Raw data:
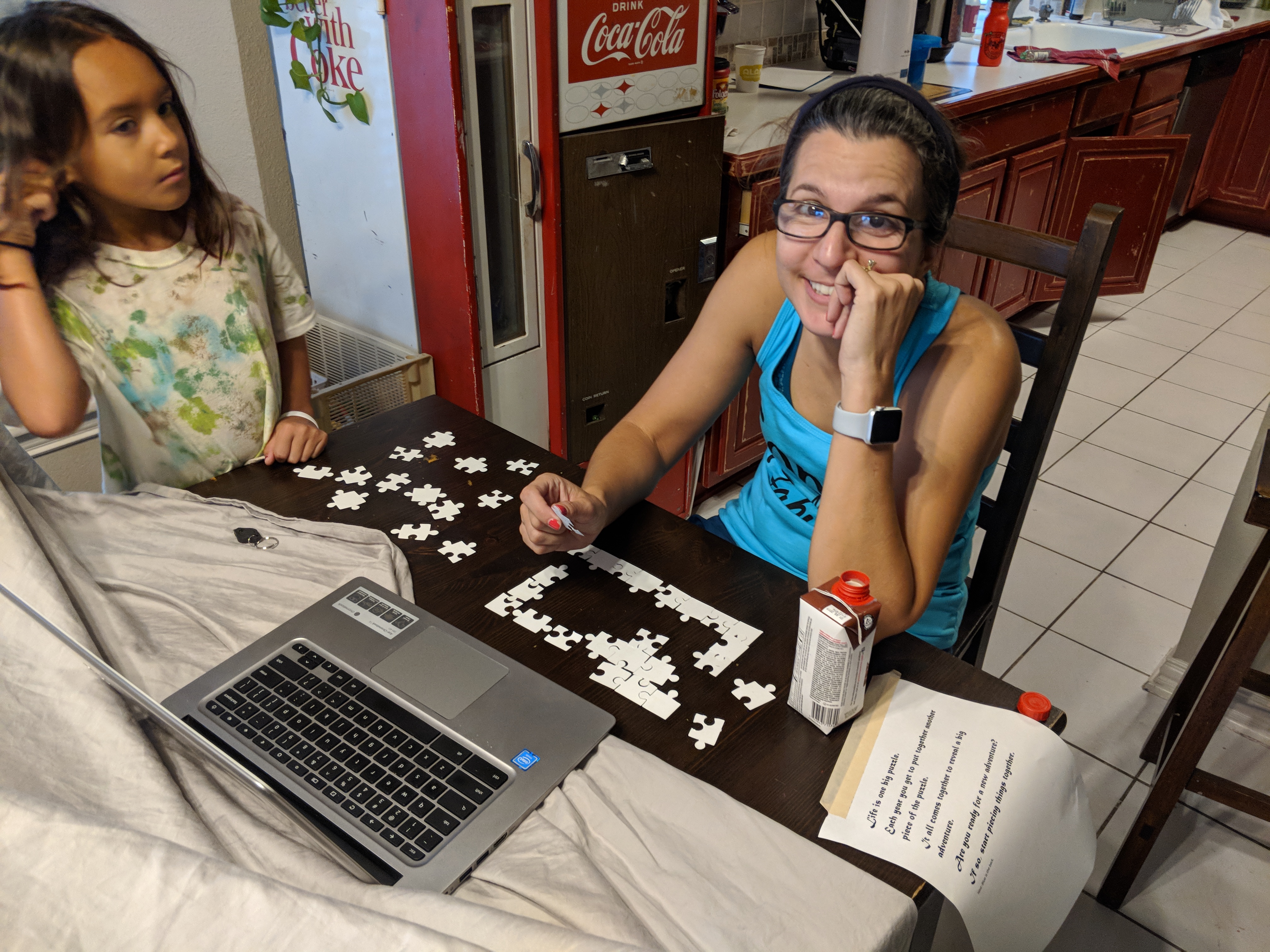 Thank you for all the birthday wishes. My first day of being 40 was AWESOME! My workout friends had a new shirt for me to wear that morning and cupcakes to share with everyone after we worked out. They also put a Happy Birthday balloon and a 100 balloon on my mat. 100 because I was on my 100th workout for CG. My coworkers surprised me with lunch, balloons, flowers, and cake. BoyGeeding gave me Blue Bell Cookie Dough ice cream with a Wicket card and DaughterGeeding gave me a bath ball with a sweet card from a memory when she was a baby. She also gave me an empty egg carton, but it wasn’t really empty; she had blown a kiss into each section. The best gift was from my hubby. He’s a pretty creative guy if you didn’t know. A card was stuck in the door which I went through early that morning when I went to work out. It was a glittery Mickey Mouse birthday card with a small black light inside. I immediately started looking for clues in the card and around the laundry room. Once I returned from my workout there was a letter on the door about life being a puzzle. As I walked into the house I noticed strips of paper on the floor with a couple of puzzle pieces. I continued to walk into the living room and was greeted with a “Happy Birthday” from my family and more strips of paper and puzzle pieces. The strips of paper all had facts regarding 40. For example, “Forty is the only English word that is written in alphabetical order”, “During Moses’ life he lived forty years in Egypt and forty years in the desert before God selected him to lead his people out of slavery”, “Minus 40 degrees, or “40 below,” is the only temperature that is the same in both Fahrenheit and Celsius.” Once I collected all the puzzle pieces I tried to put the puzzle together. This was very difficult because all the pieces were white. No picture. Keith eventually pulled up a picture of what it should look like so I could at least look at the shape of the puzzle pieces. It became a group effort to complete it. I thought I would never finish it and would be late for work. Eventually, the puzzle was put together, but was still white. I knew it must be time to use my black light. It revealed a message, but some of the pieces were upside down which made the letters upside down. Keith had to tell me the beginning, “Your journey is not yet complete…”I could make out the words ‘fly’, ‘beach’ and ‘Disney’. I looked up at Keith, who was recording everything, and said, “Are we going to Disneyland?” He said yes and we screamed! Not only was it a surprise to me, but also to our children. We were all ecstatic! We finished the morning celebration with White Chocolate Raspberry Bundt cake, smiles, and “I can’t believe we are going to Disneyland!” Stay tuned for another post about Disney!
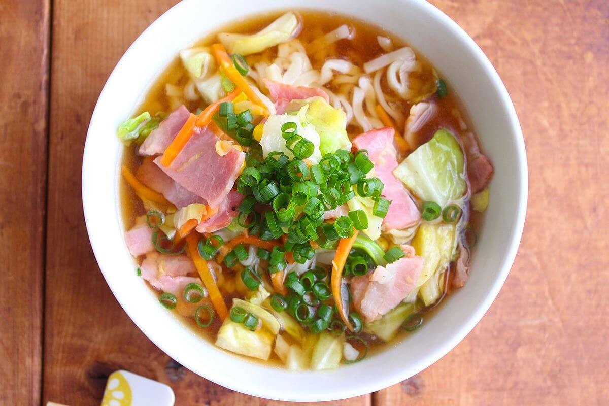 本来の喜多方ラーメンはメンマやチャーシューがのっているイメージですが、家庭で食べる時は、具は好きなものでOKですよね!
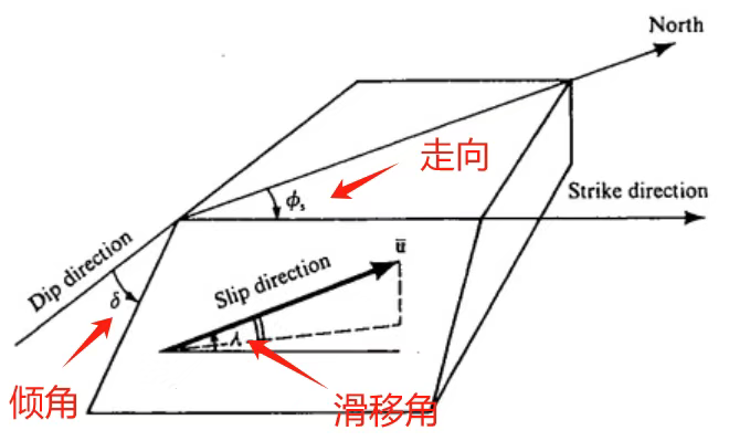 - 滑移角(Slip):滑动方向与断层倾斜方向的角度。
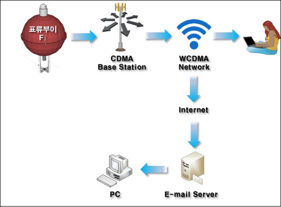 따라서, 선박에서 직접 관측하는 기존 조사방법에 비해, 본 부이는 기상여건에 영향을 받지 않고 오염물질 이동경로 등을 관측할 수 있어, 사용자가 편하고 신속하게 정보를 확인할 수 있다.
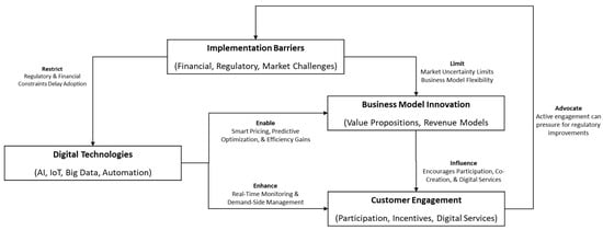 The literature notes heterogeneity of preferences, the risk that early enthusiasm decays, and the challenge of designing incentives that are fair across income levels and dwelling types. Hence, repeated calls for supportive regulatory frameworks and risk-tolerant financing to lower participation barriers and protect vulnerable users when dynamic pricing is introduced. Although customized, co-created services can move engagement from episodic to structural. But to scale, they require standardized participation contracts, customer-facing analytics that explain “how” savings arise, and safeguards that ensure equity when flexibility is monetized. Ultimately, these business-model choices are shaped by regulatory adaptation (tariff codes, consumer protections) as highlighted in Figure 3.
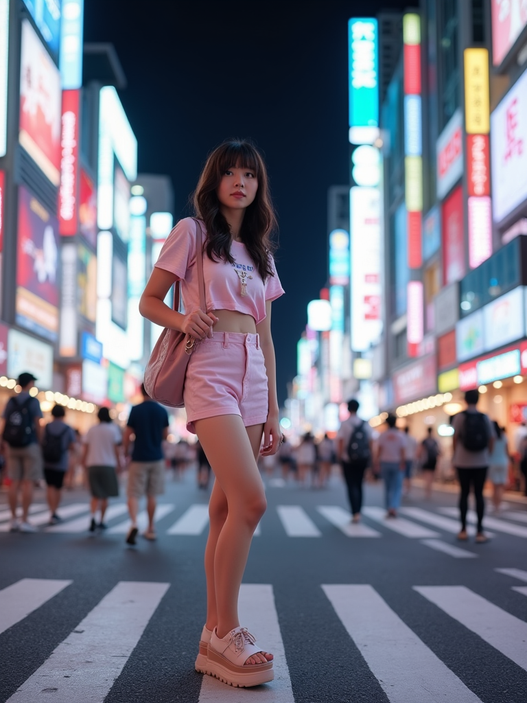 model exploring Shibuya Crossing, wearing a cute pastel outfit with platform sandals , surrounded by neon lights
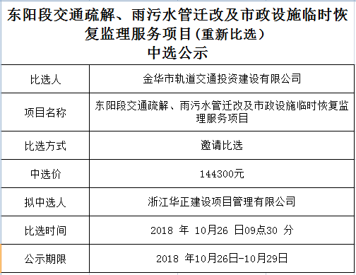 東陽段交通疏解、雨污水管遷改及市政設(shè)施臨時恢復(fù)監(jiān)理服務(wù)項目(重新比選)中選公示
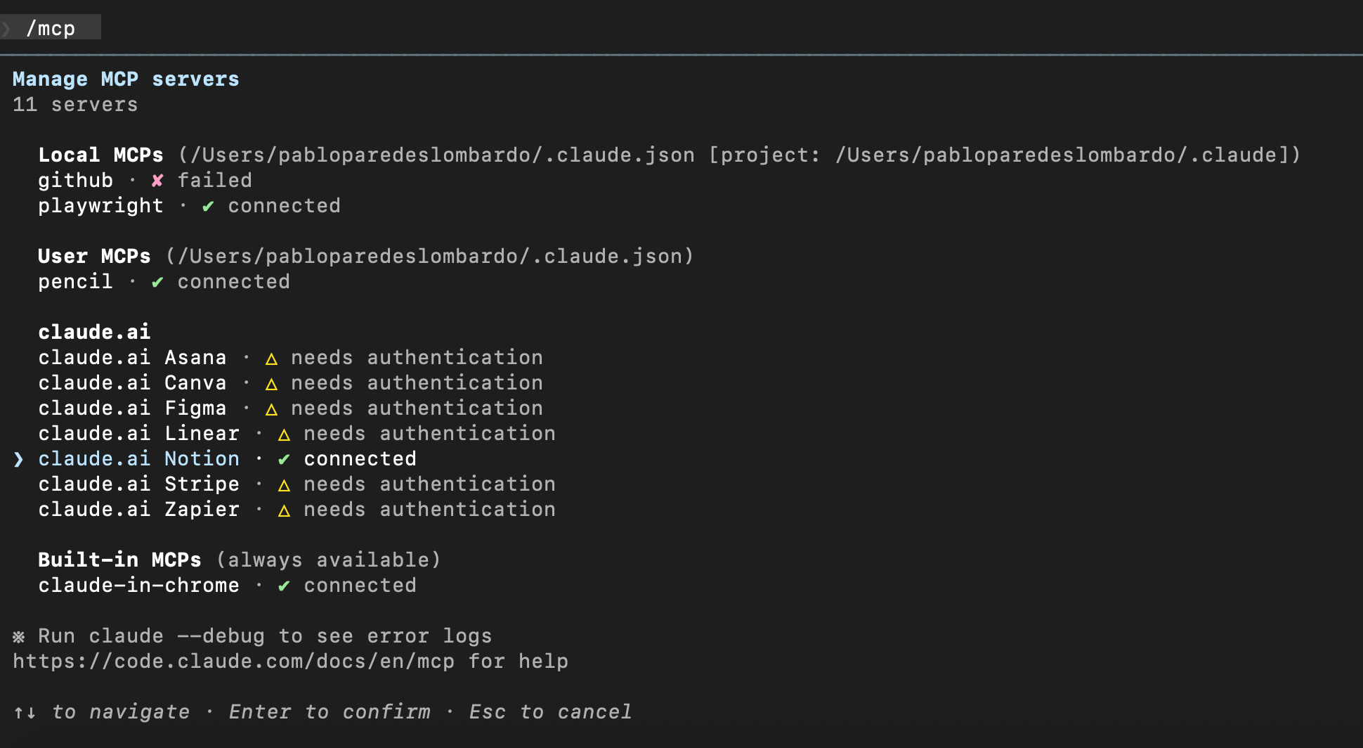 Así que la decisión fue simple: si ya paso la mayor parte del tiempo en Notion, que Claude Code escriba directo ahí. El MCP de Notion lo hace fácil; una configuración y ya puedes leer, editar y crear páginas desde la terminal.

Problem: Everything in the records except the pictures is to be repeated exactly.

Written answer:
 Thank you for all the birthday wishes. My first day of being 40 was AWESOME! My workout friends had a new shirt for me to wear that morning and cupcakes to share with everyone after we worked out. They also put a Happy Birthday balloon and a 100 balloon on my mat. 100 because I was on my 100th workout for CG. My coworkers surprised me with lunch, balloons, flowers, and cake. BoyGeeding gave me Blue Bell Cookie Dough ice cream with a Wicket card and DaughterGeeding gave me a bath ball with a sweet card from a memory when she was a baby. She also gave me an empty egg carton, but it wasn’t really empty; she had blown a kiss into each section. The best gift was from my hubby. He’s a pretty creative guy if you didn’t know. A card was stuck in the door which I went through early that morning when I went to work out. It was a glittery Mickey Mouse birthday card with a small black light inside. I immediately started looking for clues in the card and around the laundry room. Once I returned from my workout there was a letter on the door about life being a puzzle. As I walked into the house I noticed strips of paper on the floor with a couple of puzzle pieces. I continued to walk into the living room and was greeted with a “Happy Birthday” from my family and more strips of paper and puzzle pieces. The strips of paper all had facts regarding 40. For example, “Forty is the only English word that is written in alphabetical order”, “During Moses’ life he lived forty years in Egypt and forty years in the desert before God selected him to lead his people out of slavery”, “Minus 40 degrees, or “40 below,” is the only temperature that is the same in both Fahrenheit and Celsius.” Once I collected all the puzzle pieces I tried to put the puzzle together. This was very difficult because all the pieces were white. No picture. Keith eventually pulled up a picture of what it should look like so I could at least look at the shape of the puzzle pieces. It became a group effort to complete it. I thought I would never finish it and would be late for work. Eventually, the puzzle was put together, but was still white. I knew it must be time to use my black light. It revealed a message, but some of the pieces were upside down which made the letters upside down. Keith had to tell me the beginning, “Your journey is not yet complete…”I could make out the words ‘fly’, ‘beach’ and ‘Disney’. I looked up at Keith, who was recording everything, and said, “Are we going to Disneyland?” He said yes and we screamed! Not only was it a surprise to me, but also to our children. We were all ecstatic! We finished the morning celebration with White Chocolate Raspberry Bundt cake, smiles, and “I can’t believe we are going to Disneyland!” Stay tuned for another post about Disney!
 本来の喜多方ラーメンはメンマやチャーシューがのっているイメージですが、家庭で食べる時は、具は好きなものでOKですよね!
 - 滑移角(Slip):滑动方向与断层倾斜方向的角度。
 따라서, 선박에서 직접 관측하는 기존 조사방법에 비해, 본 부이는 기상여건에 영향을 받지 않고 오염물질 이동경로 등을 관측할 수 있어, 사용자가 편하고 신속하게 정보를 확인할 수 있다.
 The literature notes heterogeneity of preferences, the risk that early enthusiasm decays, and the challenge of designing incentives that are fair across income levels and dwelling types. Hence, repeated calls for supportive regulatory frameworks and risk-tolerant financing to lower participation barriers and protect vulnerable users when dynamic pricing is introduced. Although customized, co-created services can move engagement from episodic to structural. But to scale, they require standardized participation contracts, customer-facing analytics that explain “how” savings arise, and safeguards that ensure equity when flexibility is monetized. Ultimately, these business-model choices are shaped by regulatory adaptation (tariff codes, consumer protections) as highlighted in Figure 3.
 model exploring Shibuya Crossing, wearing a cute pastel outfit with platform sandals , surrounded by neon lights
 東陽段交通疏解、雨污水管遷改及市政設(shè)施臨時恢復(fù)監(jiān)理服務(wù)項目(重新比選)中選公示
 Así que la decisión fue simple: si ya paso la mayor parte del tiempo en Notion, que Claude Code escriba directo ahí. El MCP de Notion lo hace fácil; una configuración y ya puedes leer, editar y crear páginas desde la terminal.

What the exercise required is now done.